A comparative investigation of flexion relaxation phenomenon in healthy and chronic neck pain subjects

Nader Maroufi 1, Amir Ahmadi 1,, Seyedeh Roghayeh Mousavi Khatir 1
PMCID: PMC3540320  PMID: 23053754

Abstract

Purpose

The cervical flexion relaxation phenomenon (FRP) is a neck extensor myoelectric “silence” that occurs during complete cervical and lumbar flexion. In contrast to low back pain, the changes that occur during FRP in chronic neck pain (CNP) patients are still not clear. The aim of this study was to assess the characteristics of this phenomenon in the cervical region in CNP patients and controls.

Methods

Twenty-two women (23 ± 2.62 years) with chronic non-specific neck pain and 21 healthy women (23.4 ± 1.68 years) participated in this study. They accomplished a cervical flexion and extension from neutral position. Neck angle and surface electromyographic activity of cervical erector spinae (CES) and upper trapezius muscles were recorded. Appearance, onset and offset angle of the FRP were analysed and compared between the two groups.

Results

There were significant differences in the appearance of FRP between the two groups (P ≤ 0.001). The FRP in the CES muscles was observed in 85.7 % of healthy subjects and in 36.3 % of CNP patients, and no FRP was observed in the upper trapezius. Results of this study show that the onset and offset of FRP parameters were significantly different between the two groups (P ≤ 0.001).

Conclusions

The results of the present study indicate that FRP in CNP patients was seen less than the healthy subjects, and moreover the FRP period was reduced in CNP patients. Our results also suggest that the changes in FRP of CNP patients may be due to the increased CES activity in these patients.
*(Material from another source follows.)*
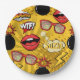 Añade tu propio nombre u otro texto al personalizar este divertido patrón de placa de papel retro de bombas, labios, burbujas de habla y gafas de sol en brillantes tonos de rojo y oro. El texto que ya está en el patrón dice 'WTF' y 'Boom'. Busque ID553 para ver otros productos con este diseño.

Keywords: Flexion relaxation phenomenon, Surface electromyography, Chronic neck pain, Cervical erector spinae

Background

Neck pain is a common musculoskeletal problem, chiefly among women [1, 2]. In the general population up to 30–50 % of adults will experience neck pain in any given year [3]. Weak neck muscles of women could be a cause of the higher prevalence of neck pain in this group of people [2]. Although history and diagnostic examination can suggest a potential cause, in most cases the pathologic basis for neck pain is unclear and therefore it is labelled as non-specific [4]. Neck pain patients demonstrated an altered pattern of muscle activation, such as deep cervical extensor and flexor muscles [5]. Surface electromyography (SEMG) provides a non-invasive and a objective tool to investigate the muscle activity in addition to the kinesiological analysis of movement disorders [6, 7]. Previous studies have shown that the electrical activity in the lumbar erector spinae muscles is reduced after a certain amount of trunk flexion, which is known as flexion relaxation phenomenon (FRP) [8]. The FRP was first defined by Floyd and Silver [9] and refers to a reduced or sudden onset of myoelectric silence in erector spinae muscles during full trunk flexion. Three mechanisms have been proposed for this phenomenon: (a) transfer of the moment force of weight to passive structures of the spine [7, 9, 10], (b) transfer of the extension moment force from the superficial muscles to deeper muscles [11, 12] and finally, (c) reflexive mechanisms involving tension mechanoreceptors which are in ligaments and other viscoelastic structures which may trigger the FRP [13], although the last suggested mechanism is questionable for it could only explain the FRP [14].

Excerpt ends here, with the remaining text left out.